E estamos preparados para o elétrico?
Essa é a minha grande dúvida: o Brasil tem energia para suportar uma eletrificação violenta da frota particular e comercial? Capacidade de produzir elétrico tem. É só ter componentes. O que o país não tem ainda é bateria e motores elétricos. Agora parece que está entrando. Mas, para projetar, montar e vender, o que vai precisar é ter preço. O ônibus elétrico é muito caro, porque bateria e motor são caros.
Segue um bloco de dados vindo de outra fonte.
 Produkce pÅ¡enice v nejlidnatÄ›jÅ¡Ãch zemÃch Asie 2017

Precisaria o governo estudar um apoio forte na fabricação de componentes elétricos e, talvez no período de importação, reduzir essa tarifa.
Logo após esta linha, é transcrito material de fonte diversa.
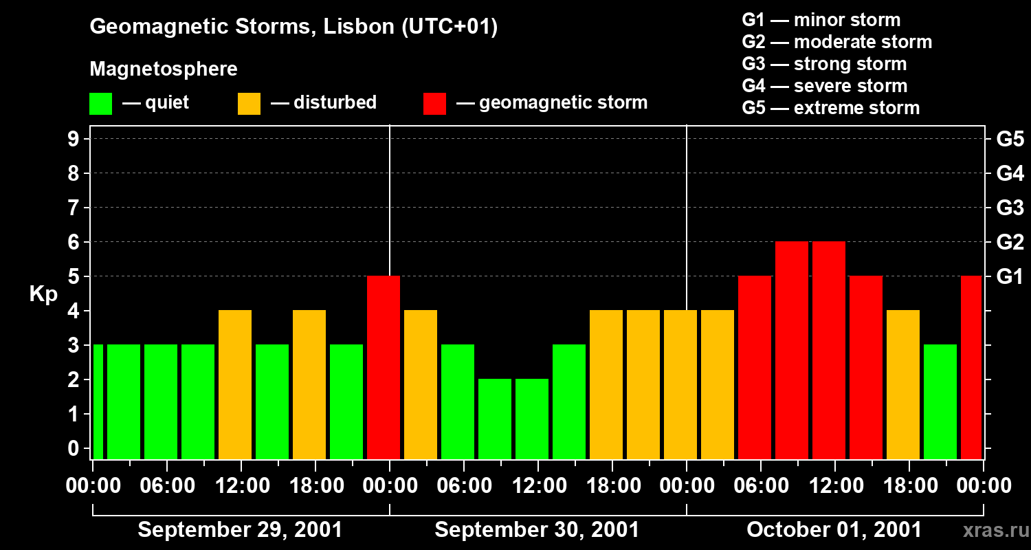 Geomagnetic storms in Lisbon on Oct 01, 2001

Quem está fazendo esse trabalho com o governo que você fazia?
As empresas que não tiverem mais esses criadores vão perder espaço, porque hoje só viver de grandes ideias e startups não dá. Estava lendo que as startups estão chegando a um nível de saturação, que está jogando desempregados por conta da loucura que criaram. O negócio que criei do ônibus escolar é um exemplo de criação que deu certo, porque criei um cliente diferente. O G7, o G8 (modelos de ônibus da Marcopolo) são ótimos, mas o cliente é sempre o mesmo. Tem que criar mercado com novos compradores. Quando comecei a regulamentação para criar uma norma brasileira para o ônibus escolar, assim como fizemos para o programa Caminho da Escola no meio rural, eu queria um modelo semelhante para a cidade. Fizemos reuniões, mas não avançou e agora estou retomando isso. Hoje o Denatran me informou que tem mais de 110 mil veículos sem regulamentação transportando as crianças nas ruas. Temos uma frota com uma média de 20 anos. Com uma média de troca de frota de 5% ao ano, poderíamos ter até dois mil ônibus novos a disposição do mercado. Esse setor escolar, que eu venho me dedicando há tempo, porque estudei muito, produz de 30 a 35 mil bus schools por ano nos Estados Unidos. Tem o souvenir desse ônibus escolar. No cinema, ele aparece em qualquer filme americano. Virou um ícone. É o que eu quero fazer no Brasil. Na área rural eu consegui fazer, e na área urbana estou agora com projeto pronto. Precisamos de uma norma que diga como o ônibus escolar teria que ser, porque hoje não tem. Tem van, ônibus, micro-ônibus, Kombi, “pau de arara”, tudo que é tipo de veículo transportando as crianças, e eu quero regulamentar isso.